[Sundance 2023 Review] 'In My Mother's Skin' Marries Body Horror with Flourishes of Guillermo del Toro's Earlier Work
It's easy to see the inspirations behind In My Mother’s Skin, particularly in the way it evokes Guillermo del Toro’s early works that married fantasy and horror to explore historical atrocities. Like in Pan’s Labyrinth, there’s a manor situated outside of town where the protagonists must deal with oppressive military might as well as something equally sinister hiding in the woods. Whereas Guillermo’s opus tackled the aftermath of the Spanish civil war, In My Mother’s Skin explores the Japanese occupation of the Philippines in the waning days of World War II. They both have fairies and mystical creatures. But In My Mother’s Skin embraces the body horror and the scare factor in ways that separate it from its more obvious inspirations.
It opens with violence, as soldiers in a hut are devoured by what looks like a twisted human with an enormously long tongue and the taste for human flesh.

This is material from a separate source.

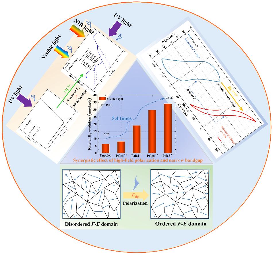 本论文通过Ba、Ni、Bi共掺杂策略,制备了一系列具有窄带隙和高场极化能力的KNbO3基铁电半导体光催化材料。高场极化诱导的去极化电场(Edp)有效增强了样品的可见光催化析氢能力,最高析氢速率是未极化样品的5.4倍。光催化析氢速率的提高主要是由于带隙的显著减小和高场极化诱导Edp的协同效应。极化样品中能带结构的变化进一步揭示了高场极化可以通过能带弯曲来加速载流子的迁移。深入了解高场强极化诱导Edp增强光催化活性的机理,可为钙钛矿氧化物铁电光催化材料在可见光催化领域的进一步发展提供了新思路。

Eventually he spits out a black bird as the sounds of laughing and cackling swirl around him. It’s a visually arresting opening that quickly takes us to the manor where the visuals of a man eating his own soldiers turns into graphic stories whispered of the barbaric Japanese invading soldiers. Caught in the middle of this is Tala (Felicity Kyle Napuli), a young girl forced to become the parent of her family in the wake of mounting tragedies.
Her father is being investigated for stealing gold from the Japanese and the word on the street is that he’s hiding it somewhere in their dilapidated manor. He leaves the family to go help the Americans and soon after, her mother Ligaya (Beauty Gonzalez) falls ill, leaving Tala and her brother Bayani (James Mavie Estrella) to look after the estate with the dubious help of their remaining servant Amor (Angeli Bayani). Ligaya continues to tell her children that their father will be home soon, but Tala knows the food is dwindling and the crescendoing coughs from her mother sound like desperation. So she goes out into the woods surrounding their isolated estate and discovers a hut where a woman appears wearing a golden lamé and a headdress that gives her the appearance of cicadas mixed with the Virgin Mary.
Religious iconography and belief is an important visual metaphor here, as the young, devout Tala instantly believes this fairy woman will be able to help her mother and her family’s plight. Her deceptive smile matches the way in which she manipulates Tala, telling her that only those of “pure innocence” can find her home, that her father is still alive and he will be back. In the meantime, she’s here to help, she insists, and later that night appears in Tala’s room with an ornate container holding an insect. Ligaya’s illness is getting worse and the creature inside the jar can fix her…but the choice, the fairy says, is ultimately Tala’s.
What starts as an homage to Pan’s Labyrinth quickly descends into body horror madness as Tala is forced to deal with the ramifications of her decisions. In My Mother’s Skin is about desperate people who are left with nowhere to turn, except to something potentially more sinister. It’s a fable of kids forced to deal with mortality while being thrust into their parental roles. Written and directed by Kenneth Dagatan and shares a thematic link to his feature film Ma about a child who wants to resurrect his dead mother and will do anything to bring her back.
Shot mostly in one location and the surrounding woods, In My Mother’s Skin works because of the skittering sound design and the oppressive cinematography and production design. In one particularly suspenseful scene, cinematographer Russell Adam Morton suddenly transitions from a static camera to a swooping tracking shot that misses something skittering across Tala’s floor. It’s a stylish flourish that both builds tension and wouldn’t be out of place in a James Wan film. This, coupled with the sounds of cicadas and munching flesh, gives In My Mother’s Skin an fiendish and bleak atmosphere that carries the narrative to its chilling finale.